В раздумьи он опустил руку с картошкой, собака взяла у него картошку из руки и съела. Валек озлился – хвать камень с земли. Собака наутек – только он и видел и ее и картошку! Но зато убедился, что даже собаки от него чихают.
Больше он ни к кому близко не наклонялся.
Вдруг с ним стало твориться что‑то неладное; точно он гнить стал. Какая‑то вода у него стала течь из ушей, из носу, даже из глаз, на голове нарывы повыскакивали, появились болячки.
– Валек на полянах стоги сена расставил, – смеялись дети.
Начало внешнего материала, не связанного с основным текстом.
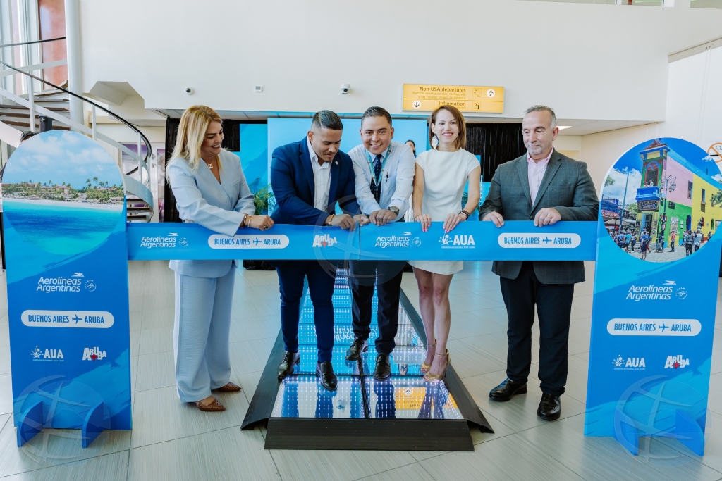 ORANJESTAD - Aerolíneas Argentinas ta lansa servicio directo nobo entre Argentina y Aruba. E vuelo inaugural a sali for di Aeropuerto Internacional Ezeiza (EZE) cu tur 170 asiento completamente ocupa, reflehando e demanda fuerte di mercado y un contesta sumamente positivo di parti di e biaheronan Argentino. Pa celebra formalmente e momento, tabatin un ceremonia inaugural cu a tuma luga riba dia 8 di januari, na Aeropuerto di Aruba, treciendo hunto e stakeholdernan clave di gobierno, aviacion y turismo. E celebracion a conclui cu un ceremonia tradicional di cortamento di cinta y cortamento di bolo, oficialmente yamando bonbini na Aerolíneas Argentinas na Aruba.

По всему телу пошли нарывы, стали лопаться, так что он был весь мокрый от гноя.
Приходит раз утром хозяйка и говорит ему (голос у нее был резкий, как свист кнута, часто это на Подгальи у баб бывает):
– Собирайся, больше гусей не будешь пасти.
– Нет?
– Что я тебе два раза говорить буду?! – свистнула она у него над ухом голосом, как кнутом.
Валек хорошо знал, что переспрашивать нечего: по голове бить будут, в брюхо ногами лягать, в спину накладут! Ушел. Идет и думает.
– Уж, конечно, не из‑за чего другого выгнали, а из‑за этих ран. Эх! вот, должно быть, воняет, страсть! – сам он мало слышал сросшимся носом.
Вышел он на берег ручья, высокий, гористый; в ручье, внизу, острые камни торчат один на другом. Поглядел он вокруг. День был майский, светлый. В поле работали люди, возились, пели. Весело было.
Неподалеку была часовенка; Господь Иисус Христос в ней сидел, полуобнаженный, в терновом венце, окровавленный, и опирался подбородком на руки.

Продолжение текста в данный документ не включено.